Ok. Name 10 places Catholicism and Aquinas disagree. Do it without thinking or using any resources. Just the first ten things that come to mind. Don’t take more than 15 seconds. Then do the same for Augustine.
I understand the point that was being made. Aquinas is often times pointed to as though he is of far greater authority than he was. Certainly, Aquinas is very solid and is worth a good deal of weight in a discussion, but there are times when people will pose Aquinas against some quote from a Catechism or Council. Often they are misinterpreting Aquinas, though sometimes they are not. Aquinas was not perfect, and I don’t think that his staunchest supporter would argue otherwise. The point is that, as Catholics, our allegience ought to be to the Church and Her Councils, with Aquinas being close second, not the other way around.
 
quote: Lazerlike42
This is Augustine you are referencing, not Aquinas.
You’re perfectly right.
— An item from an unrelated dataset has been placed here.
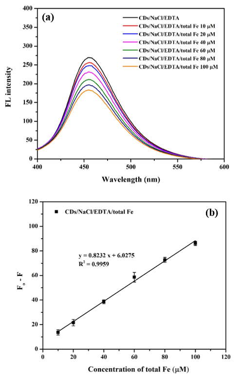 Figure 12 (a) The fluorescence spectra of the CDs at different concentrations of total Fe ions; (b) the corresponding linear calibration plots between Fo-F vs. concentrations of total Fe ions as their working range. The detection was performed under the optimized conditions of 200 µL CDs, NaCl 0.1 M, EDTA 5 mM in Britton Robinson buffer solution at pH 4 and heating under ultrasonic bath at 50 °C for 10 min.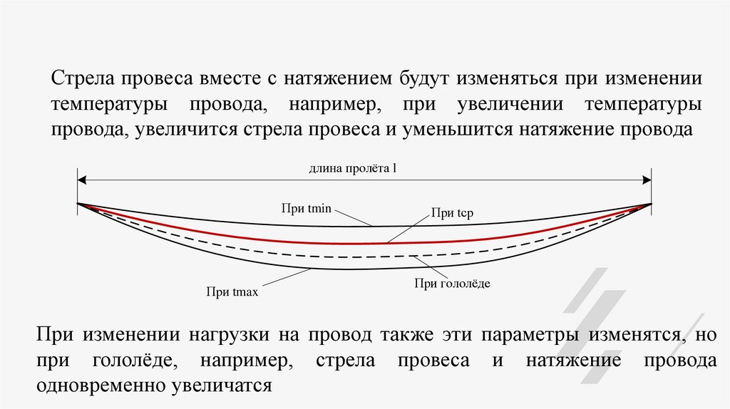Стрела провеса вместе с натяжением будут изменяться при изменениитемпературы провода, например, при увеличении температуры

Just wait a moment and
I’ll dig out the words of the Angelic Doctor himself.
Many thanks for pointing out this incorrect attribution
on my part. :tiphat:

An *additional *reason to heartily dislike
Augustine - apart from the fact that he abandoned
the woman who bore him a son, and then they
made him a bishop! :rolleyes: Now there’s! a paragon
of virtue and thoughtfulness - who I would run a mile in tight shoes to sit at the feet of and “take instruction.”
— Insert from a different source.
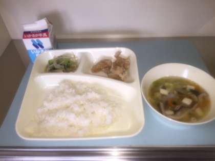 4月27日の給食は、ごはん、牛乳、鶏肉のからあげ、中華スープ、チンゲンサイともやしの甘酢あえでした。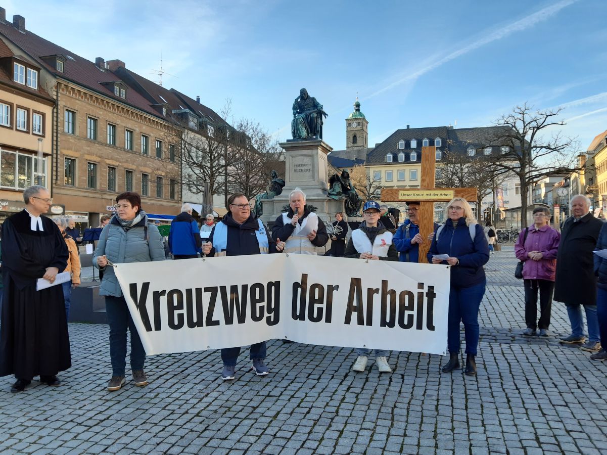 Seit mehr als 20 Jahren trügen ehrenamtliche und hauptamtliche Mitarbeiterinnen und Mitarbeiter aus dem Kirchlichen Dienst in der Arbeitswelt (KDA), der Aktionsgemeinschaft für Arbeitnehmerfragen (afa), der KAB und der Betriebsseelsorge Themen und Probleme in der Arbeitswelt in die Öffentlichkeit, sagte Günter Webert, Vorsitzender des KAB-Stadt- und Kreisverbands. Sie gingen auf die Straße für Menschen, die in der Arbeitswelt Situationen des Leides und des Kreuzes erfahren, und forderten dazu auf, eine lebenswerte Zukunft für die Stadt Schweinfurt zu gestalten.

I will now patiently search out the thoughts of
Aquinas on the topic -

reen12 :coffeeread:

Well, Thos. Aquinas doesn’t get a pass on this, either.
Apparently, according to Thomas, these little souls will enjoy natural happiness but the Beatific vision? Uh uh.
The whole Limbo business is just a sorry episode in
Church history, with both! Augustine and Aquinas near
the head of the parade.
 

He is valuable - however, veneration for him should not lead to forgetfulness that​

  • there are other Catholic Rites, in which he is not as central as he has been in the Roman Rite
This is just me, but I find the notion that Eastern Catholics should not look to Aquinas or pray the Rosary to be a kind of parochialism. How would you respond to that?